You don’t maintain your dignity in Arrabeh and keep away from Land Day events. Arrabeh, together with neighboring Sakhnin and Dier Hanna, was at the heart of the mini-Intifada in 1976 that established the landmark memorial now observed throughout the Palestinian community the world over. So, three days ago, Toufiq and I attended a youth function in honor of Land Day at our newly-constructed Mahmoud Darwish Cultural Center. A shy and aspiring artist, one of my many nieces, waxed very effusive in conducting a tour for us of the many Land Day paintings by local artists on display at the center. By the time the evening started, the five-hundred seat auditorium was full. The Communist Youth Club in charge of the event added an extra row of plastic chairs up front for us, for the mayor and his wife who also arrived appropriately late, for Abed Abidy, the famed Palestinian Artist who designed the Land Day memorial in Sakhnin, and for few other Arrabeh elders. No singing of national anthems, no recitation of the Koran, and no flags on display; this was a strictly local and secular function. The mayor was invited to the podium and spoke. He sang the praises of so many men and women who made history in 1976, bragged about his administration’s achievements, chief among which was the newly appointed committee for street names, (Arrabeh is 22 thousand and addresses are still designated by clan areas), and finally complained of the continuing government neglect and the authorities’ continuing designs on our remaining village land. To this day, he explained, ‘they’ refuse to implement a combined winter drainage and summer irrigation scheme for our fertile Battouf Valley, the only agricultural land of its size in all of Israel that continues to lack irrigation. And what excuse ‘they’ give? ‘They’ want to guarantee the survival of a rare insect that lives only in the Battouf Valley, he reported. “They give priority to insects over us!” the mayor explained at the end of his speech to the tumultuous clapping of the large audience. I wasn’t sure if they clapped that hard in admiration or out of impatience.

Next came the star of the evening, the home-grown crooner Amal Murkus, a beautiful young woman from another Galilee village with big black doe eyes who couldn’t possibly be mistaken for anything other than Arab and with a voice quality that matched the best of them in the whole Arab world. In midlife, she had put on a little weight, just enough for the perfect belly dance sexiness were she to dare and wiggle her god’s gifts a little. But no, she is a proper honorable Arab diva and she conducts herself with the proper aplomb. She sang a selection of songs of longing and hope from her various albums. The one song that really brought the house down with the entire audience clapping rhythmically and singing along was a catchy local tune with appropriately adapted words about the loss of land: “Pour out your copious tears, oh my eyes, for they have taken my land by oppression and rape,” the refrain went. At the end of the evening a hoard of teenagers stormed the stage for a closer look at Amal and perhaps a touch of her hand. I walked up and got a big hug and a kiss on the cheek. I had been to her house a while back to pick up some of her albums for my grandchildren in NY and California.

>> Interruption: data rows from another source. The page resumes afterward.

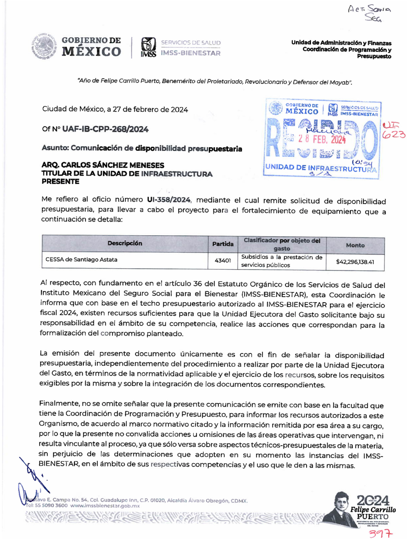 10. Por medio del oficio número UAF-IB-CPP-268/2024, de fecha 27 de febrero de 2024, la Coordinación de Programación y Presupuesto del "IMSS-BIENESTAR" notificó la reserva de recursos hasta por la cantidad de $42,296,138.41 (CUARENTA Y DOS MILLONES DOSCIENTOS NOVENTA Y SEIS MIL CIENTO TREINTA Y OCHO PESOS 41/100 M.N.), con cargo al programa Presupuestario E001, "Atención a la Salud de Personas sin Seguridad Social", oficio que se agrega como ANEXO 1.
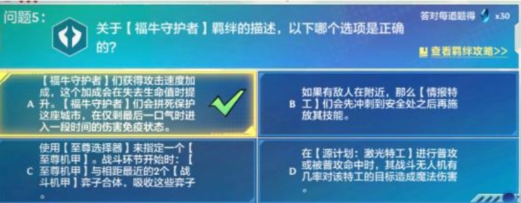 答案:A.【福牛守护者】们获得攻击速度加成,这个加成会在失去生命值时提升。【福牛守护者】们会拼死保护这座城市,在仅剩最后一口气时进入一段时间的伤害免疫状态。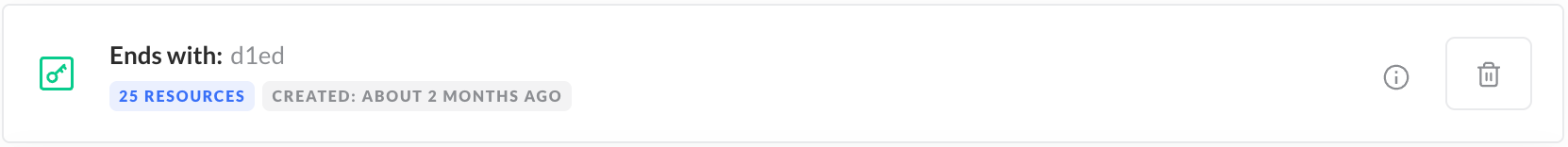 API keys can be removed individually using the delete icon. The permission api_key__delete is required for this action. Deleting an API key will immediately disable all access utilizing that key.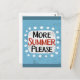 "More Summer Please" is a cute text design in blue with black and red text, along with a white accent shape and white textured whimsical dots surrounding it.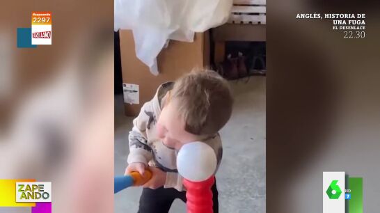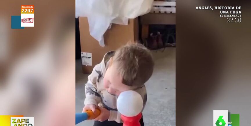 Lorena Castell muestra a sus compis de Zapeando el adorable viral de un niño que hace caso a su padre de forma literal y deja la cabeza pegada a la bola cuando va a batear.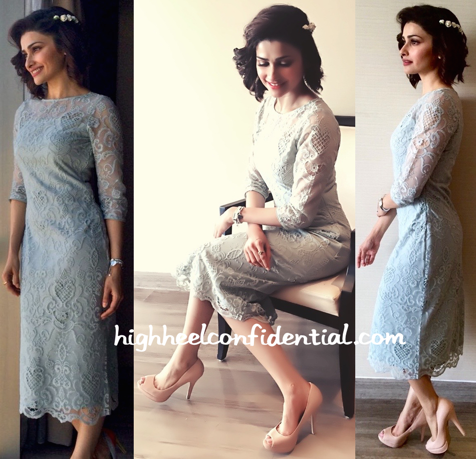 Wearing a Marquee Limited Edition dress, Prachi attended an event in Ahmedabad. Playing off the pastel, lace overlay dress, Prachi finished out the look with a flower wreath in her hair and nude pumps. Going as she was for a rather soft look, the chunky Rock n Republic pumps stood out like a sore thumb. A more delicate pair of sandals would’ve served her better!

I asked Amal to give my kind regards to her aging father. Briefly, in the early 1950s he was my Arabic language teacher before he was fired because of his communist leanings. He was small of build but had a very firm earth-molded farmer hand that left one’s cheek smarting for hours on the occasion that he punished one for some grammatical mistake. His name is Nimr, Arabic for ‘Tiger.’ We called him ‘Little Tiger’ in contradistinction to ‘Big Tiger,’ our other teacher by the same name who was large of build, darker of skin, and an internally displaced Palestinian or ‘present absentee.’ Big Tiger went on to become a school principle, on the strength, it is rumored, of having persuaded several relatives of his to sign away their right to their land in their former village, now a thriving Jewish-only community. He even was reputed to carry a handgun; he was that close to the authorities. Little Tiger, Amal’s father, made a living as a day laborer in Haifa and become a full-blooded communist, rising in the party’s hierarchy as his means of survival dwindled. To this day, every time I meet Little Tiger, a mysterious twitching develops in my left cheek, a sign of fondness I presume.

Yesterday, just before sunset, I heard the sound of a loudspeaker. I stepped out to my garden to make out what kind of announcement: Was it a wedding invitation, a death announcement, the call for another religious lecture in one of our seven mosques, or just another door-to-door salesman? It was none other than Zahi in his pickup truck, another communist, reminding all of their duty to turn out in mass today for the memorial march of Land Day. Zahi – Arabic for ‘the one who shines brightly’ – has a distinctive booming voice that I would recognize anywhere. It runs in the family. I knew his late father and his late grandmother before him and they all seemed to have boom boxes for larynx.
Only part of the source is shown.